> [Exercise] In this exercise, the entries below include pictures. Repeat exactly the lines from the line with "在罗纳尔多炫他的新纳赛尔球衣" to the line with "All eyes are", including both, but without the pictures.

> [Source data]
= = = = = = =

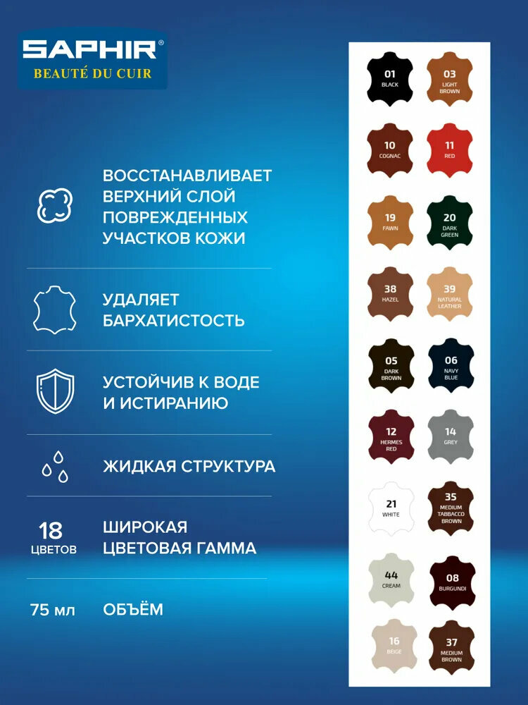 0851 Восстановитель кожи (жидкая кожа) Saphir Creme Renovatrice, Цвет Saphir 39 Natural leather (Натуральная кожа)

= = = = = = =

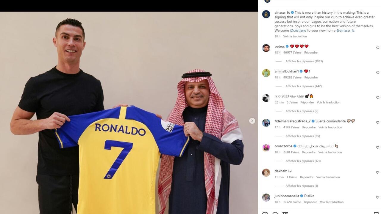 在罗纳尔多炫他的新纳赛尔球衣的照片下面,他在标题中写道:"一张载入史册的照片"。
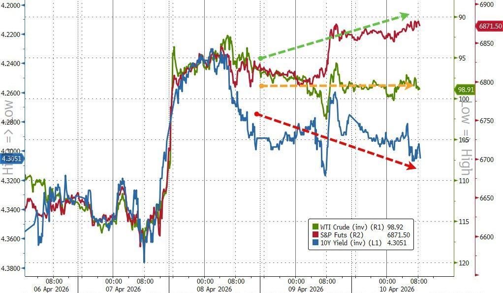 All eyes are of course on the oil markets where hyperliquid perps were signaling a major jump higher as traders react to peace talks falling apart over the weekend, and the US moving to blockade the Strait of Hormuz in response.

= = = = = = =

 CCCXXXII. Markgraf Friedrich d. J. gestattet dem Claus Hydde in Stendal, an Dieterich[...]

= = = = = = =

> [Answer]
 在罗纳尔多炫他的新纳赛尔球衣的照片下面,他在标题中写道:"一张载入史册的照片"。
 All eyes are of course on the oil markets where hyperliquid perps were signaling a major jump higher as traders react to peace talks falling apart over the weekend, and the US moving to blockade the Strait of Hormuz in response.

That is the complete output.